This is using a new feature called Bicep extensibility, which allows me to import types other than Azure. So here I'm doing import Kubernetes, I'm passing in the cube config from my Azure Kubernetes service cluster, which is being passed in as a parameter, and I'm setting up that default name space. And now just like before, creating a new resource, this time I'm calling it backend deployment.
And look, all of the resources now are Kubernetes types instead of Azure. I have Damon sets, deployments, replica sets, everything that I need. I'm gonna be selecting deployment, creating a new resource definition here, and the same exact tooling experience, which you're familiar with in leveraging as part of your infrastructure, you can now leverage as part of your Kubernetes objects. So I'm selecting those required properties, filling out the name for my metadata, and I can also go in and set all of the optional parameters such as labels, annotations, the name space.

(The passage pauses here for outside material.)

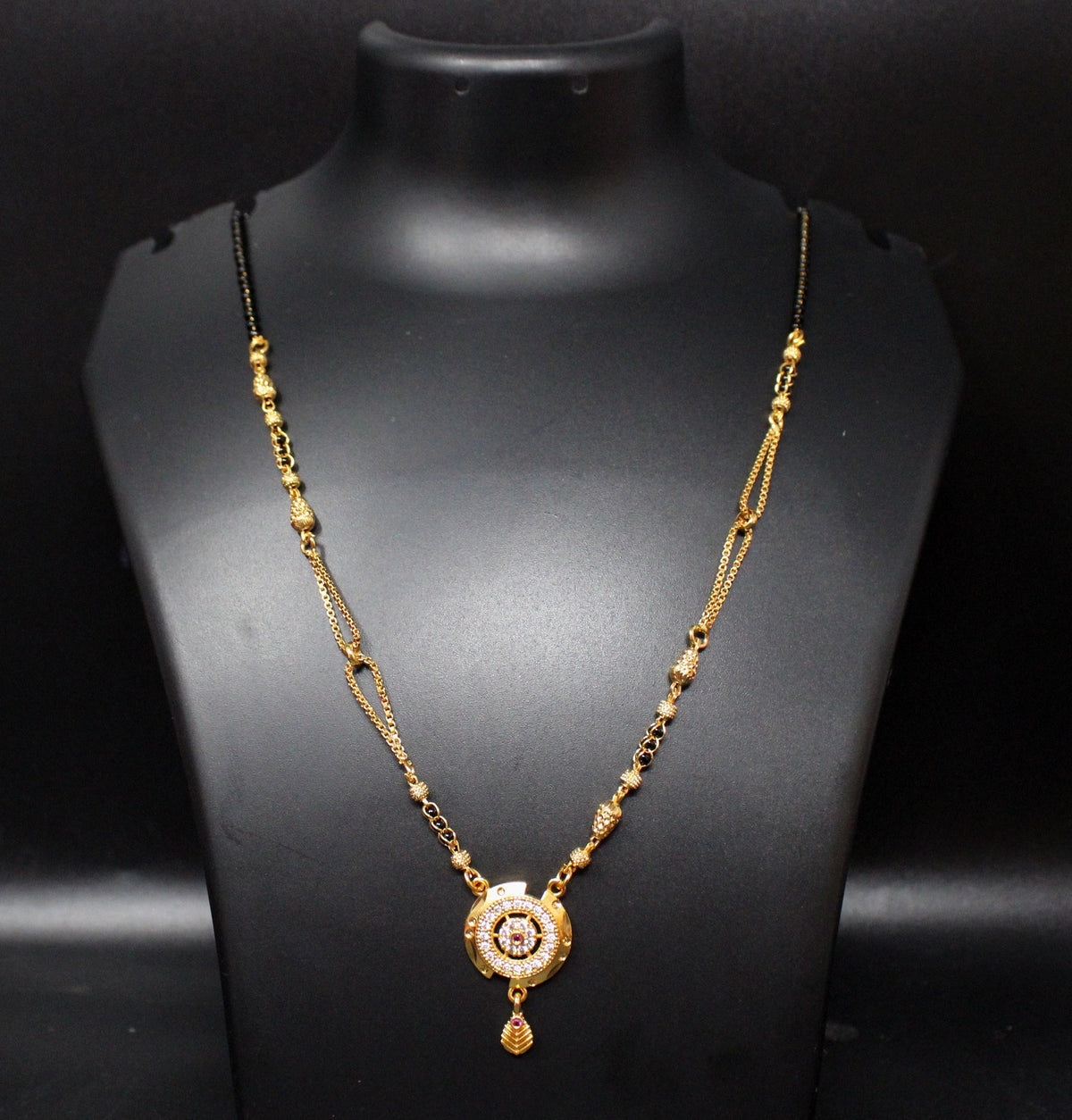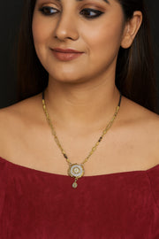 Designer Gold-Plated Mangalsutra with Circular Pendant & Black Beads – Elegant Daily & Festive Wear

And this is where I can begin setting up things like my app label. I can go in and now specify the spec. Again, leveraging those required properties. So I no longer need to have multiple languages, multiple experiences with all of those different scripts that connect everything together. It's all Bicep, and I can easily pass in parameters as I need them with the same experience. Here on under annotations, I'm gonna be adding in the three Dapr annotations for enabling it, specifying the app ID and specifying the app port, and this is how you can add Dapr into any Kubernetes deployment.
And now I also need to specify that container image that we just built for our backend. So here I'm specifying the name of my container backend, and I can use all of that rich Bicep tooling to build a image path, which is customized based on my container registry. It's customized with the tag, so that way I can create a generalized template, which I can reuse not just in my production environment, but also running in pre-production and canary and as I scale out into more and more environments.
So here's how easy it is in Bicep to set all of that up for you. So just like that, we've now set up our backend as a Kubernetes deployment, and I can now get this deployed onto my AKS cluster. Let's also get that saved and take a look at our front-end definition as well, because for my front-end, I also wanna make this exposed to users. So if I switch over to that, we have the same import Kubernetes statement, as we just were using before. I have my deployment for my front-end, but I also have now modeled my service as well, opening up port 80 and targeting my front-end deployment. So let's go ahead and get that staged and committed and pushed up into my pet spotter repository.
And now that CICD pipeline that we were looking at before, we will now go ahead and deploy this into my AKs cluster. But now let's talk a little bit more about infrastructure, because when I was running locally, I was using a Redis container, but now that I'm running in Azure, I wanna leverage scalable production-ready resources. So here I have Cosmos DB set up as my state store. I have Azure Service bus set up as my pub/sub, and I'm gonna be using a Azure blob storage set up to upload my pet images. So you can see how we've now just swapped out those Dapr components with zero code rewrites. I didn't need to change anything about my front-end or backend.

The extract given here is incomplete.